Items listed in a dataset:
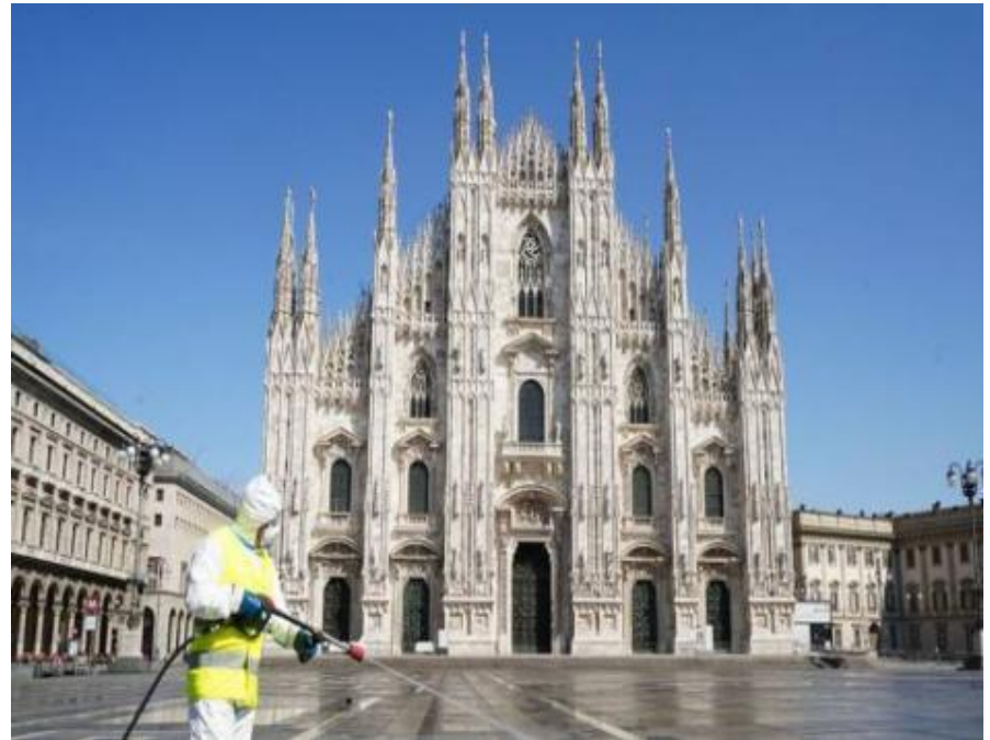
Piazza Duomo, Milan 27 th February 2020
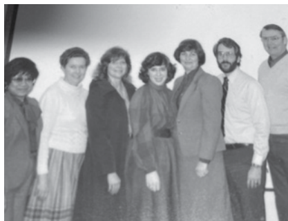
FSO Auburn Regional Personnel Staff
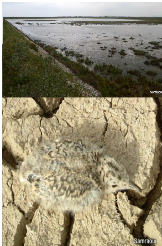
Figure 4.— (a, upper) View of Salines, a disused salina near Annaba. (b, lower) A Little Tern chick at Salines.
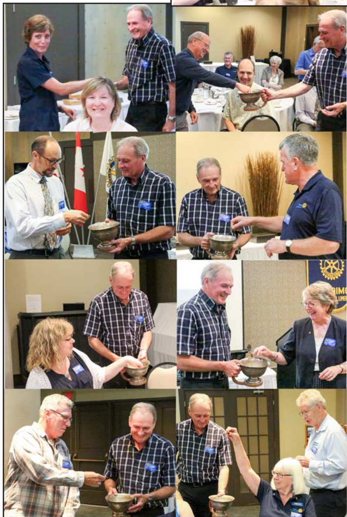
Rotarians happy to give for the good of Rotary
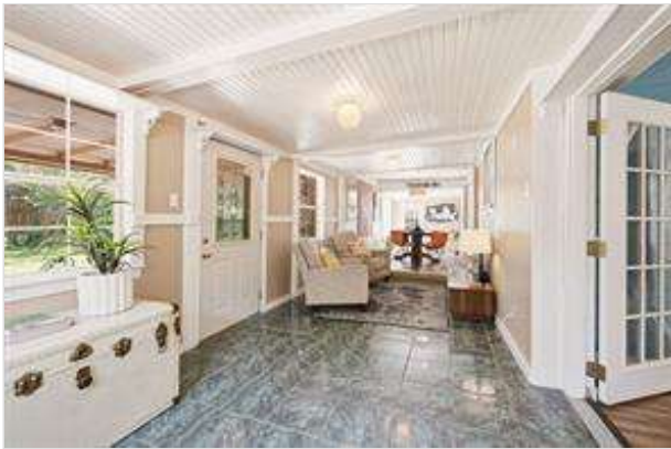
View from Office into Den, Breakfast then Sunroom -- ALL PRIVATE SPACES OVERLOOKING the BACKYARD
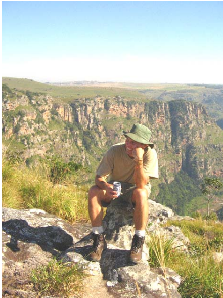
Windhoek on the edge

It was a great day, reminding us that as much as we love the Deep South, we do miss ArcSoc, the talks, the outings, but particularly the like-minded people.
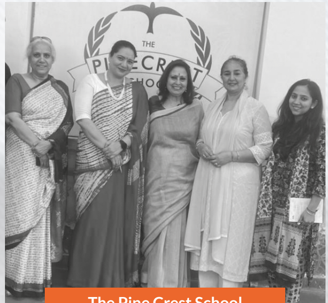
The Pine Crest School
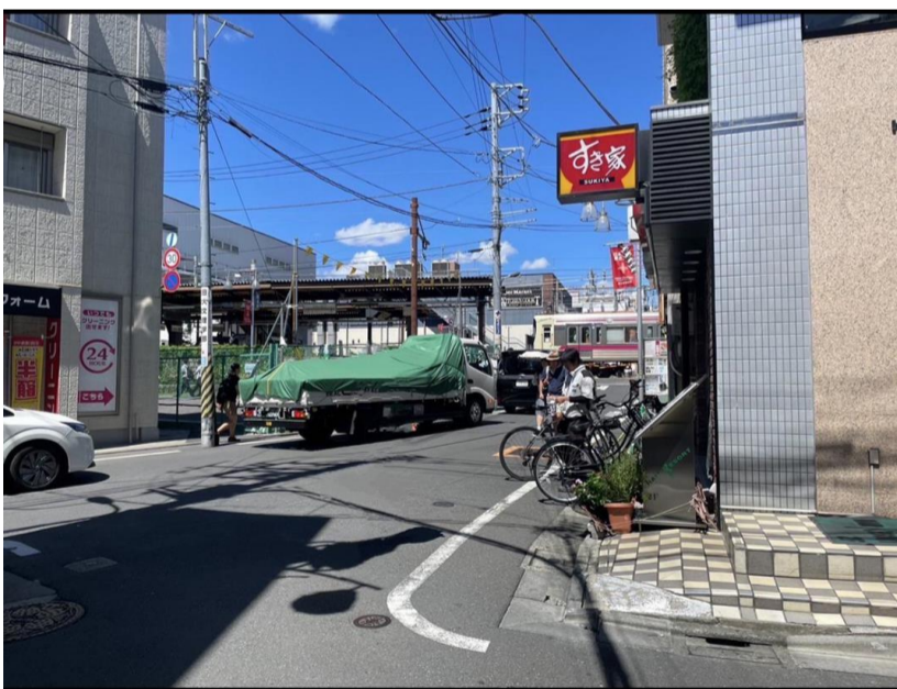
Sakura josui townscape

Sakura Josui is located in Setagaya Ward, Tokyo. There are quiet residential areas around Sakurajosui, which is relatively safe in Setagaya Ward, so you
* * *
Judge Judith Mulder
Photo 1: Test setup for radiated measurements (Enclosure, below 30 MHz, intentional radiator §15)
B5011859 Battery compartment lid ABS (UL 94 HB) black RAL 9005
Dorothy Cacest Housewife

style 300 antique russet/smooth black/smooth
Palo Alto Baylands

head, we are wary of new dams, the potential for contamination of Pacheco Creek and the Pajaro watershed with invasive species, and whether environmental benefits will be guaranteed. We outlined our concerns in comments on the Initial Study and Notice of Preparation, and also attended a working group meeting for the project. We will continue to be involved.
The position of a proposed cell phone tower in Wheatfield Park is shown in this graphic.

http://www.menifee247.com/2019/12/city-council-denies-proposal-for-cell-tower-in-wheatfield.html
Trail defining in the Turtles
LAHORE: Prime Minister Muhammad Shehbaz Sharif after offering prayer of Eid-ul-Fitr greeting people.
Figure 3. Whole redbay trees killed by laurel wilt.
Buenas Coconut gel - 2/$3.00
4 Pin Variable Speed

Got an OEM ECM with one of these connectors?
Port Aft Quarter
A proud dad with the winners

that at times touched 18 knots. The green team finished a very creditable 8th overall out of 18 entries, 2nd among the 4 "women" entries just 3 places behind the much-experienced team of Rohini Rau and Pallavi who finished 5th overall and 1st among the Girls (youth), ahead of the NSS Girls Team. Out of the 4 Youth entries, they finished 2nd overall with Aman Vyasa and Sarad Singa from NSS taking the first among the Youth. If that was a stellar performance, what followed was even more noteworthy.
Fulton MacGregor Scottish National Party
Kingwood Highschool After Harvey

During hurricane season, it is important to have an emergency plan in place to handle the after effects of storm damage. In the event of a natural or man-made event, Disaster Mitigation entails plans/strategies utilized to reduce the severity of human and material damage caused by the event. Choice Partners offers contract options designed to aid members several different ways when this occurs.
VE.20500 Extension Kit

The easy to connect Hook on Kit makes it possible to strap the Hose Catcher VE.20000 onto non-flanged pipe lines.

Your instructions:
Going through the data above, state how many lines include the word "people"; only that number is needed.

Result:
2